(TASK DETAILS): All that is wanted is how many lines in the records below include the string "with".

(RECORDS FOR THIS TASK):
-=-=-=-=-
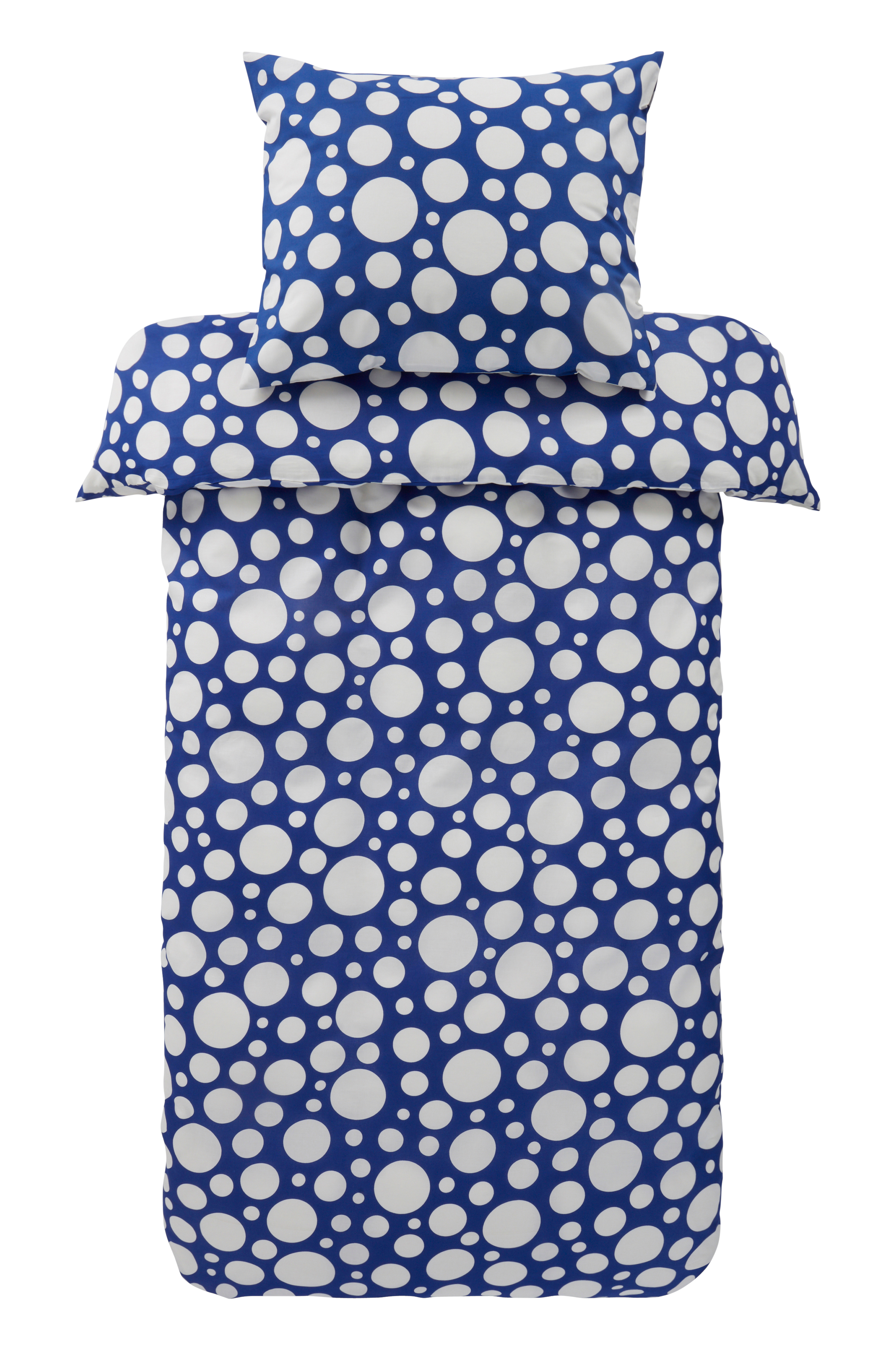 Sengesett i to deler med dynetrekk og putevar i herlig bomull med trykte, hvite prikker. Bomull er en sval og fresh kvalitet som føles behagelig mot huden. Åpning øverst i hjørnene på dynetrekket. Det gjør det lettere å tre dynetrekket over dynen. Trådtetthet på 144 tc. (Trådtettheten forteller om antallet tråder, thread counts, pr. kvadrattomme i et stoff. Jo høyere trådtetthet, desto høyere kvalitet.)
-=-=-=-=-
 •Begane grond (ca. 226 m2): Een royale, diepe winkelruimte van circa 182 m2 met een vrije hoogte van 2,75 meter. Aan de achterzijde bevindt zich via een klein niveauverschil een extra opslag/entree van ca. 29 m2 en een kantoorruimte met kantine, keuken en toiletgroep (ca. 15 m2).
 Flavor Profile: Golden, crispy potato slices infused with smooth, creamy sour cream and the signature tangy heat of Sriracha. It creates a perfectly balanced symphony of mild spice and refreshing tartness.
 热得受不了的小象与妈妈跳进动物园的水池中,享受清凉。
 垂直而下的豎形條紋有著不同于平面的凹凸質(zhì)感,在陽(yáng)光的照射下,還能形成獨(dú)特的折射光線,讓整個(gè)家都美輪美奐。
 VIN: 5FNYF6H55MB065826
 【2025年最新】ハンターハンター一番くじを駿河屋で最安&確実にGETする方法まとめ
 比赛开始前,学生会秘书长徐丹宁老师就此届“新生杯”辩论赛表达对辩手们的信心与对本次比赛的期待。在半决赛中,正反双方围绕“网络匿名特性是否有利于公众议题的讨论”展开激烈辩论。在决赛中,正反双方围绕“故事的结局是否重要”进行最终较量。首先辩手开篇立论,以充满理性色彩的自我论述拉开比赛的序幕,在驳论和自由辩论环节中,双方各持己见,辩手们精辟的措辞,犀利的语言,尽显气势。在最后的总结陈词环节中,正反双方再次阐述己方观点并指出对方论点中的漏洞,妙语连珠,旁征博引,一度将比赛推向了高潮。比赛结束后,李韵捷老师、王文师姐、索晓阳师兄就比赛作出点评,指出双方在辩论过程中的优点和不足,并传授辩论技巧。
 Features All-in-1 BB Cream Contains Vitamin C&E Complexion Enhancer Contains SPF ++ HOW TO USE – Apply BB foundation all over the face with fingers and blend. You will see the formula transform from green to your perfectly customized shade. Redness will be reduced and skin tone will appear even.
-=-=-=-=-
(WRITTEN SOLUTION): 2